*** Opening Excerpted records ***

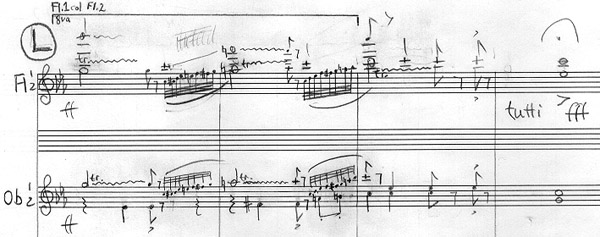 Finally a glimpse of the writing for flutes and oboes ... an intriguing view of the complexity of the parts, and an insight into the composer's attention to detail: he spent many weeks working on these unique sheets.
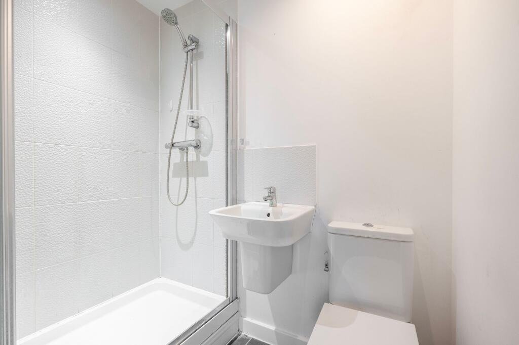 The main bathroom is finished to a modern standard and includes a panelled bath with a shower over, a wash basin, and a WC, complemented by tiled flooring and clean wall finishes.
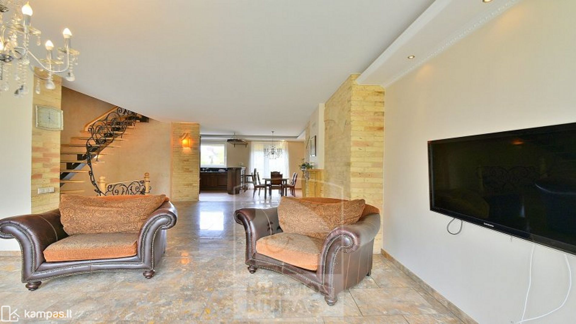 - Iš svetainės su židiniu galima patekti į uždarą vidaus kiemelį;
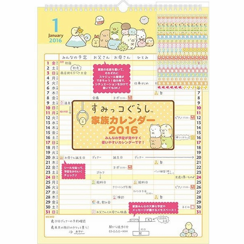 すみっコぐらし 壁掛けカレンダー 家族 16年版 Cd 通販 Lineポイント最大0 5 Get Lineショッピング
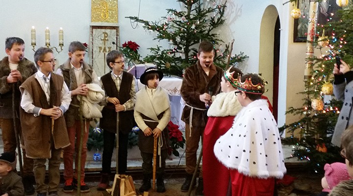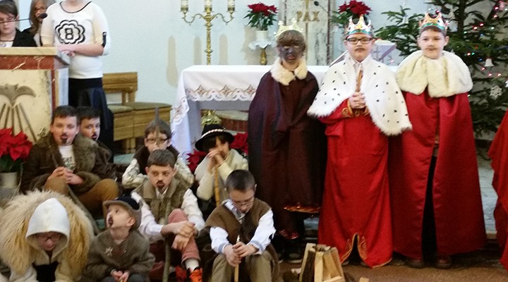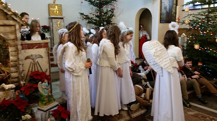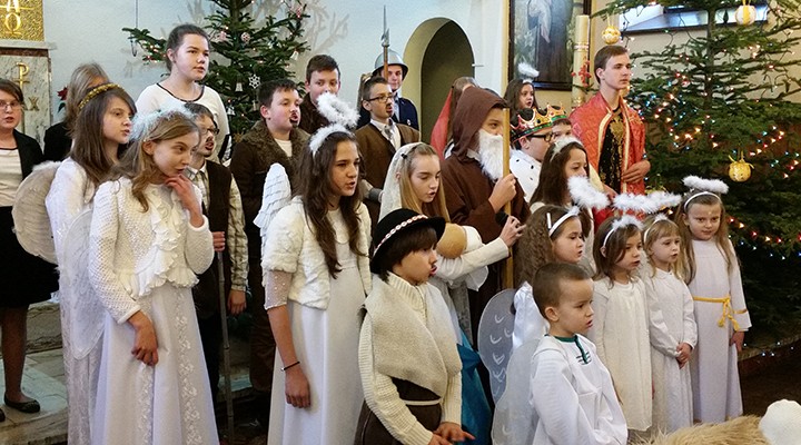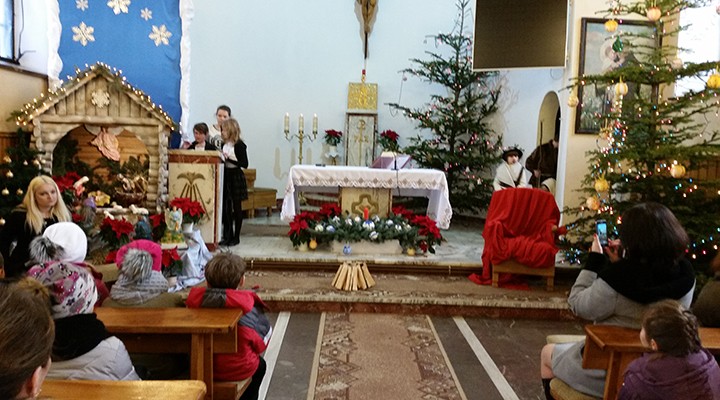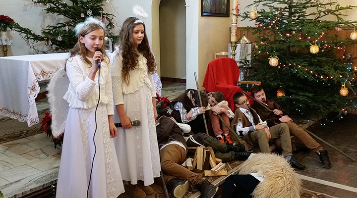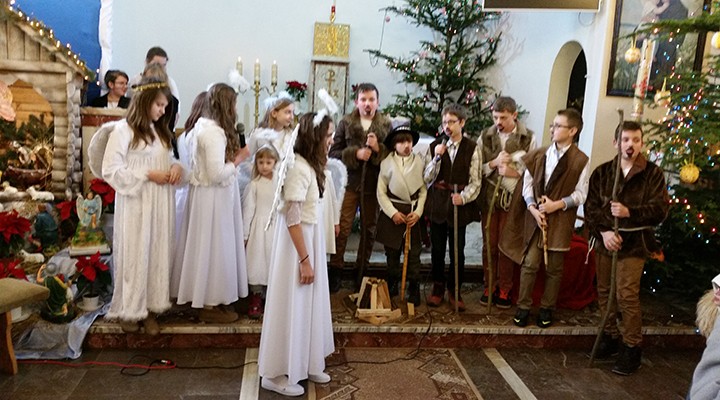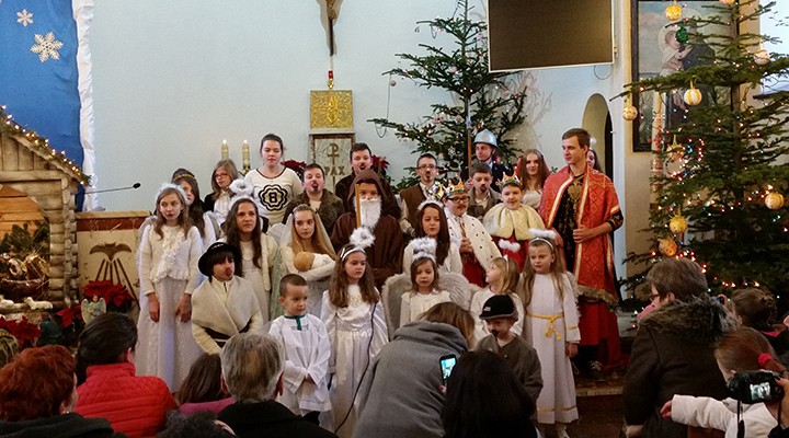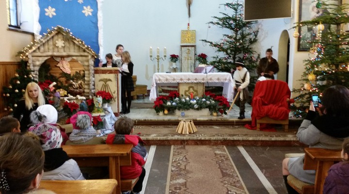 W uroczystość Bożego Narodzenia mieliśmy okazję podziwiać piękne przedstawienie Jasełek w wykonaniu dzieci i młodzieży ze scholi parafialnej z parafii pw. św. Antoniego Padewskiego w Kątach Starych. Podczas dwóch przedstawień spektakl obejrzało liczne grono parafian i gości.
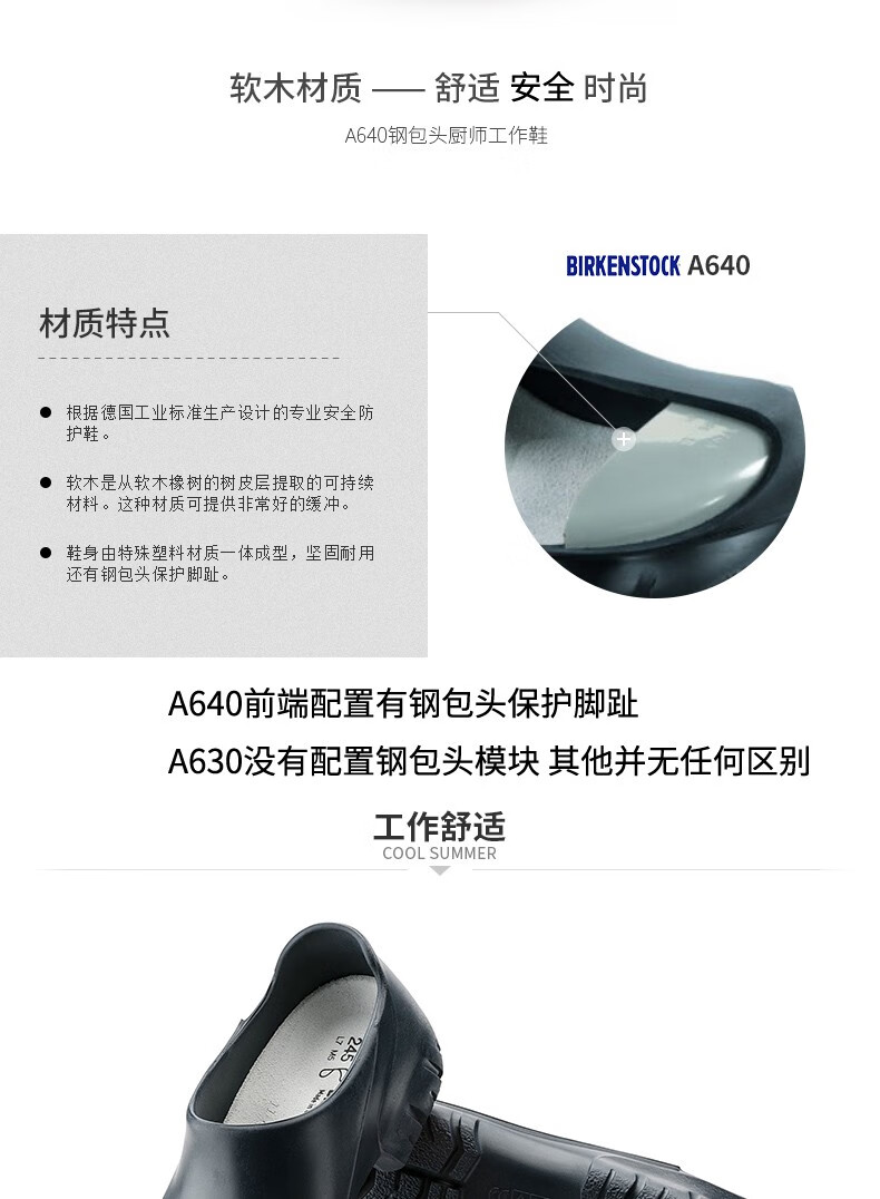 Birkenstock A630 专业厨师鞋/工作防护鞋/职业鞋/劳动保护鞋/安全鞋
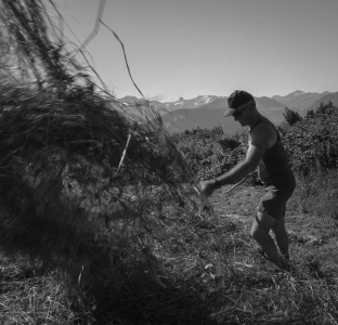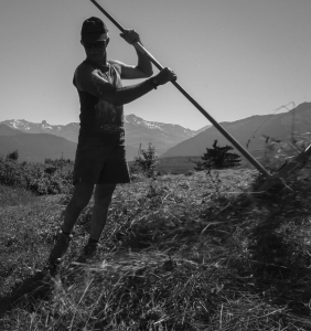 De Bisanne au col des Aravis, de la Forclaz de Queige aux Saisies, le Tour de France traverse nos pâturages ces jours-ci. A l’élan des coureurs fait écho l’adresse des faneurs. La tension musculaire, la grâce du geste ne sont-elles pas comparables ?
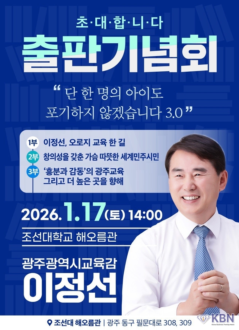 이정선 광주광역시 교육감은 오는 2026.01.17.(토요일) 오후 2시부터 광주광역시 동구 필문대로 308, 309에 위치한 조선대학교 해오름관에서 출판기념회를 개최하여 1, 2, 3부로 나누어 출판기념회 행사를 진행한다.
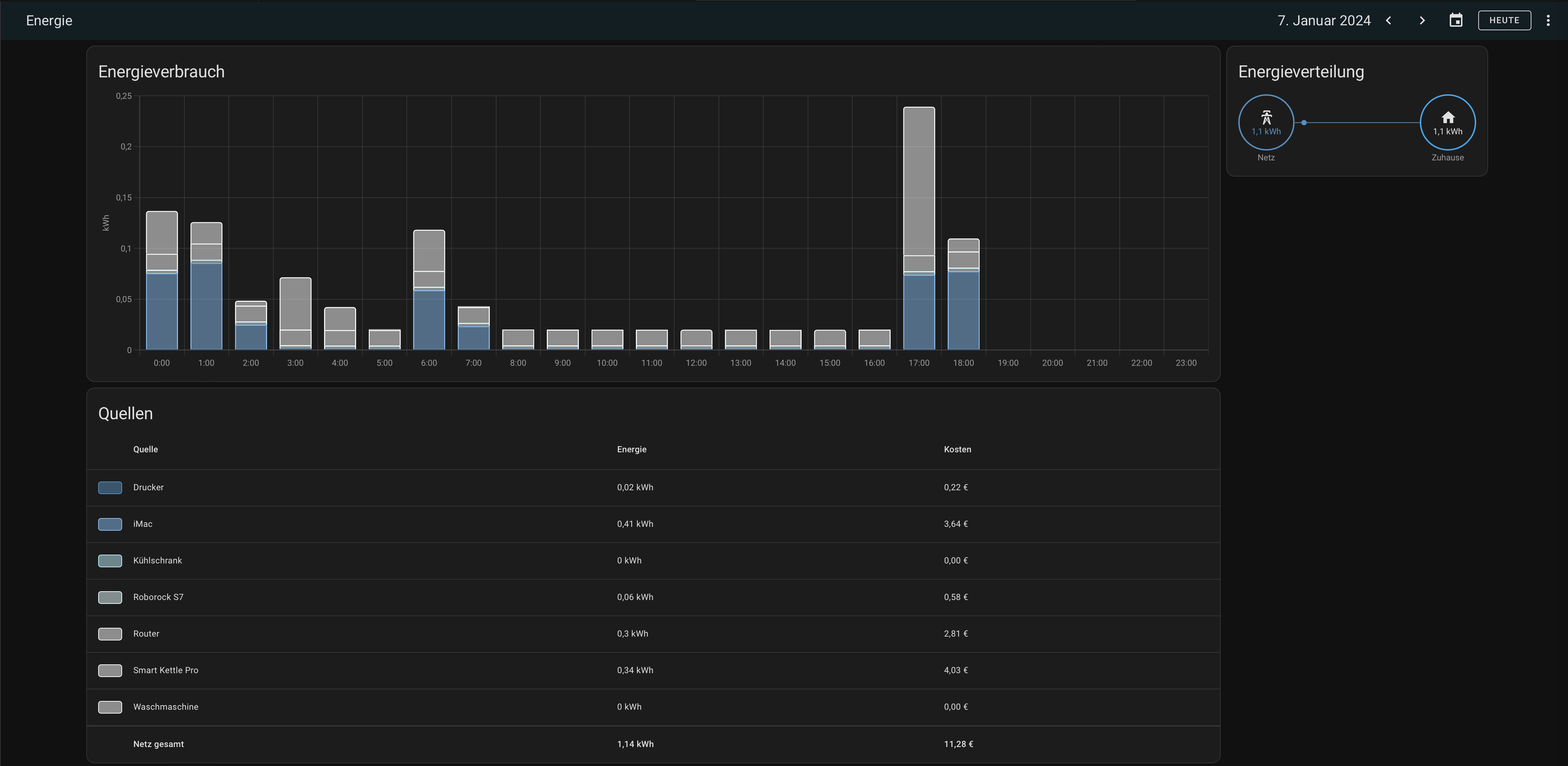 Sieht bei mir dann so aus. Oben das Gerät und unten der Preishelfer. Und schon wird das im Energie Dashboard angezeigt.
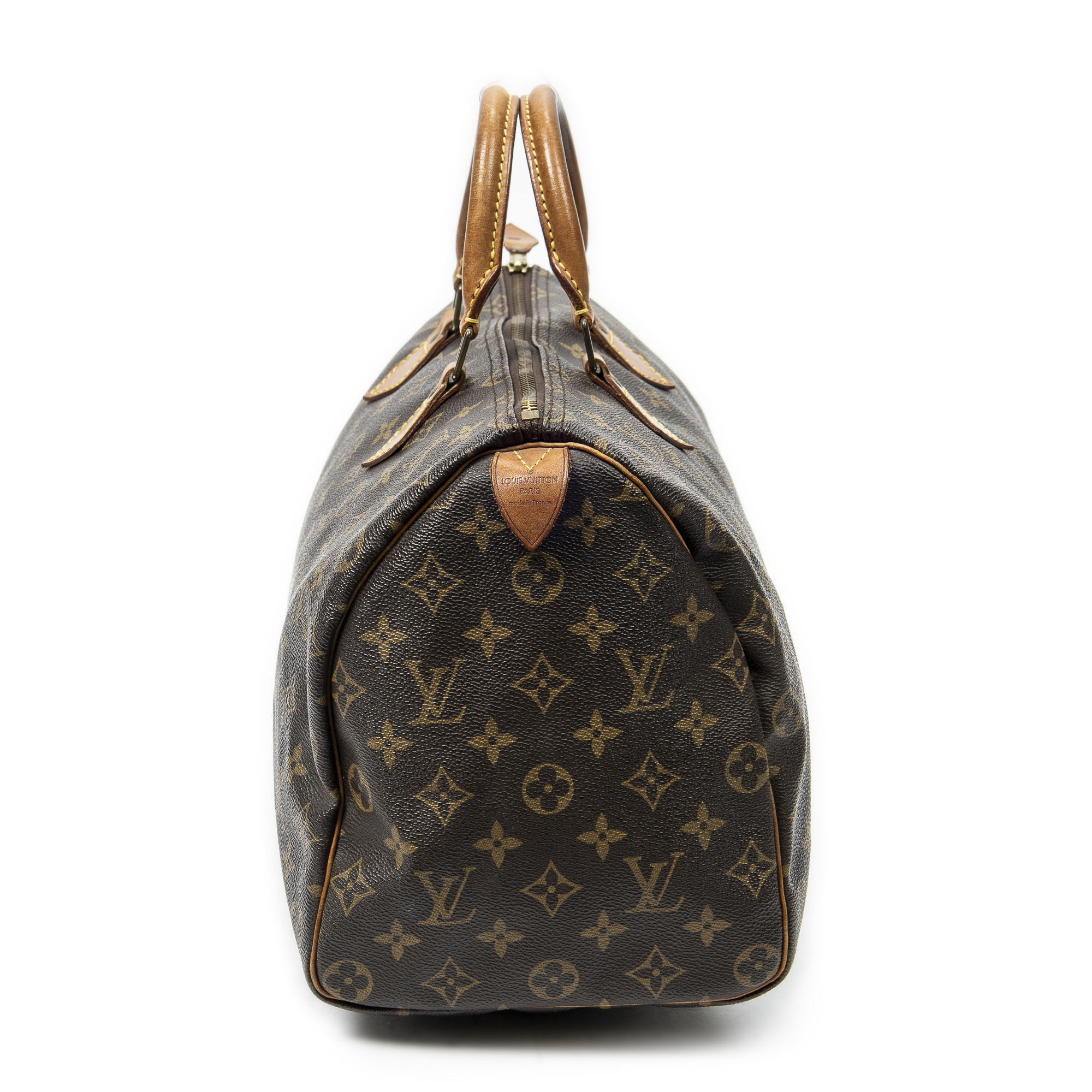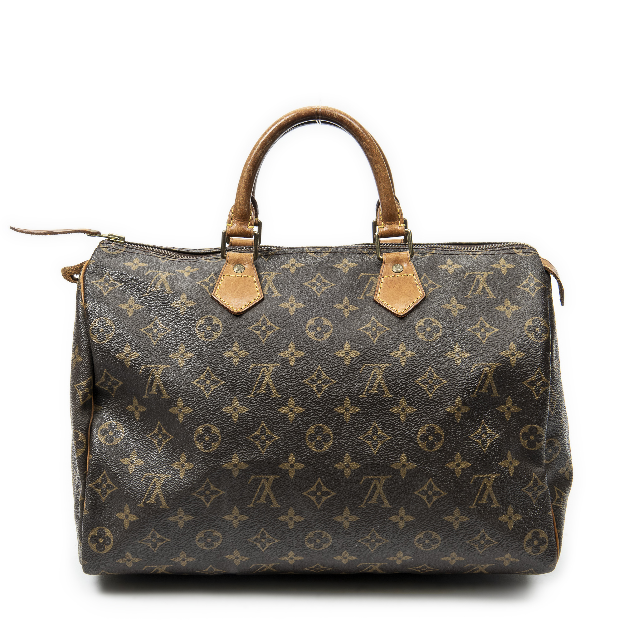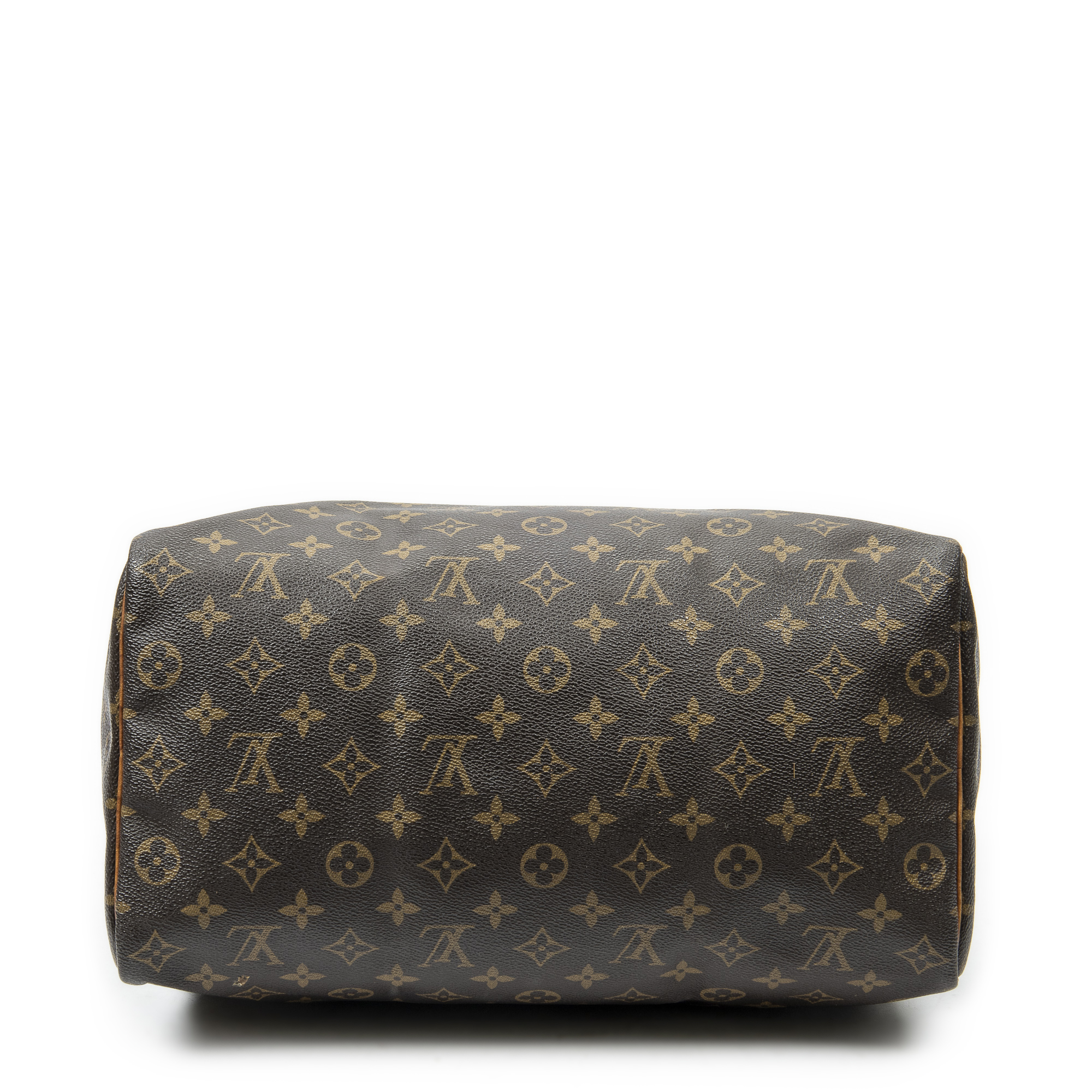 Louis Vuitton Handbag Speedy 35 in Brown Monogram Canvas and Golden Brass hardware. The product is in Very Good Condition (AB).

*** Closing Excerpted records ***

Give again, exactly, the lines from the start of the data through the one holding "Birkenstock A630 专业厨师鞋/工作防护鞋/职业鞋/劳动保护鞋/安全鞋"; omit the pictures.

# Answer box:
 Finally a glimpse of the writing for flutes and oboes ... an intriguing view of the complexity of the parts, and an insight into the composer's attention to detail: he spent many weeks working on these unique sheets.
 The main bathroom is finished to a modern standard and includes a panelled bath with a shower over, a wash basin, and a WC, complemented by tiled flooring and clean wall finishes.
 - Iš svetainės su židiniu galima patekti į uždarą vidaus kiemelį;
 すみっコぐらし 壁掛けカレンダー 家族 16年版 Cd 通販 Lineポイント最大0 5 Get Lineショッピング
 W uroczystość Bożego Narodzenia mieliśmy okazję podziwiać piękne przedstawienie Jasełek w wykonaniu dzieci i młodzieży ze scholi parafialnej z parafii pw. św. Antoniego Padewskiego w Kątach Starych. Podczas dwóch przedstawień spektakl obejrzało liczne grono parafian i gości.
 Birkenstock A630 专业厨师鞋/工作防护鞋/职业鞋/劳动保护鞋/安全鞋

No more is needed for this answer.